Little is known to date about the impact of the CPTPP in general, and its e-commerce chapter in particular, on trade, investment, and e-commerce in the CPTPP region. This, of course, is not surprising—the agreement is not even three years old. However, learning about the CPTPP’s value added, and especially the value added of its e-commerce provisions, is hugely relevant, both for CPTPP members and the many countries that have inked trade deals with comprehensive digital trade chapters in recent years, such as the United States with Mexico and Canada, Singapore with Australia, and Chile with Uruguay and Brazil, respectively. 

The value added of digital trade commitments on trade is also relevant for governments working on e-commerce negotiations in Geneva among the leading World Trade Organization (WTO) members and among the many countries and regional groupings, such as the members of the African Continental Free Trade Area (AfCFTA), that are pursuing agreements related to e-commerce. Moreover, e-commerce is booming globally; rules around it will shape the extent to which e-commerce sellers, many of them micro and small firms, can internationalize and, in turn, hasten their recovery from Covid-19.

One way to learn about the CPTPP’s impacts is through firm-level surveys that were displayed earlier in this series. These suggested that the CPTPP is valuable for the CPTPP region’s firms as a means to open new market access in goods and services and in terms of setting the ground rules for e-commerce. Firms especially value the agreement’s commitments to consumer protection, free cross-border data flows, and ban on server localization.

Another way to explore the CPTPP’s impact is to assess the trade effects of preferential trade agreements (PTAs) such as the CPTPP that have comprehensive e-commerce chapters. This article takes a look at existing literature on the impact of trade agreements on trade, and especially digital trade, and performs a preliminary assessment of impacts on trade from CPTPP-style PTA’s trade effects.

Digital Trade in Free Trade Agreements Is Increasingly Fashionable

As the World Trade Organization’s (WTO) Doha Round stagnated in the 2000s, PTAs emerged as a means for countries to integrate with each other and incubate new trade and trade-related rules in areas such as services trade, investment regulations, trade facilitation, and intellectual property rights. In recent years, a growing number of governments have also used PTAs to forge agreements that have a dedicated chapter for e-commerce, such as the CPTPP, or “digital trade,” as in United States-Mexico-Canada Agreement (USMCA). Such agreements include sophisticated provisions to protect consumers, enable cross-border data flows, ban server localization, protect member-country firms’ source code, and so on. These comprehensive digital trade chapters have started to be increasingly common in PTAs formed in 2020 and 2021, often among CPTPP members, such as the 2020 Australia-Peru FTA and 2020 USMCA (Figure 1).
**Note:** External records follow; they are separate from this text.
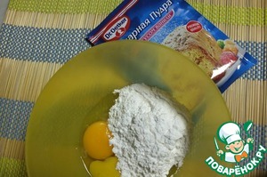 В емкости соединяем желтки, уксус и и половину сахарной пудры. Взбиваем миксером, постепенно подсыпая сахарную пудру. "Тесто" должно получится густым и тягучим.
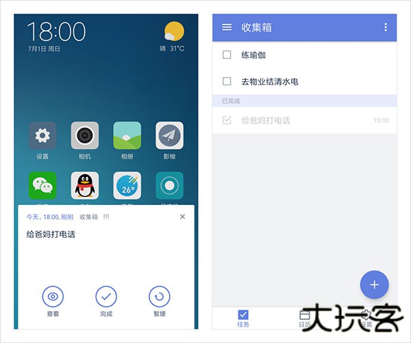 3、完成任务,提醒响起后就可以着手去做这个任务,任务完成后,点击弹窗下方的「完成」图标即可将任务打勾。或者在应用里点击任务左侧的小方框
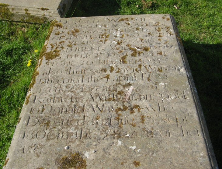 DONALD WATSON/indweller & farmer/in Cromarty died 11th/of January 1780 in the/47th year of his age/KATHRENE WILLIAMSON/his relict placed this/stone to his memory/also their son DAVID WATSON/who died the 1 April 1793/aged 24 years also/KATHRENE WILLIAMSON spouse/to DONALD WATSON who/departed this life 15th Sept./1806 in the 74th year of her/age.

Granted, many PTAs struck even in the heyday of PTA formation in the 2000s contain some e-commerce-related rules. For example, a great many PTAs have adopted the WTO’s moratorium on customs duties on electronic transmissions, and many also promote to paperless trade. In a 2017 mapping, 75 PTAs, or over a quarter of all PTAs notified to the WTO at the time, had some specific provisions on e-commerce. In addition, PTA provisions on issues such as intellectual property protection, services liberalization, technical barriers to trade, and paperless trade commitments also facilitate trade and e-commerce. Many PTAs also promote alignment between domestic regulations with international model laws on e-commerce. However, it is only in the past few years that countries have adopted e-commerce chapters with the kind of comprehensive scope used in the CPTPP.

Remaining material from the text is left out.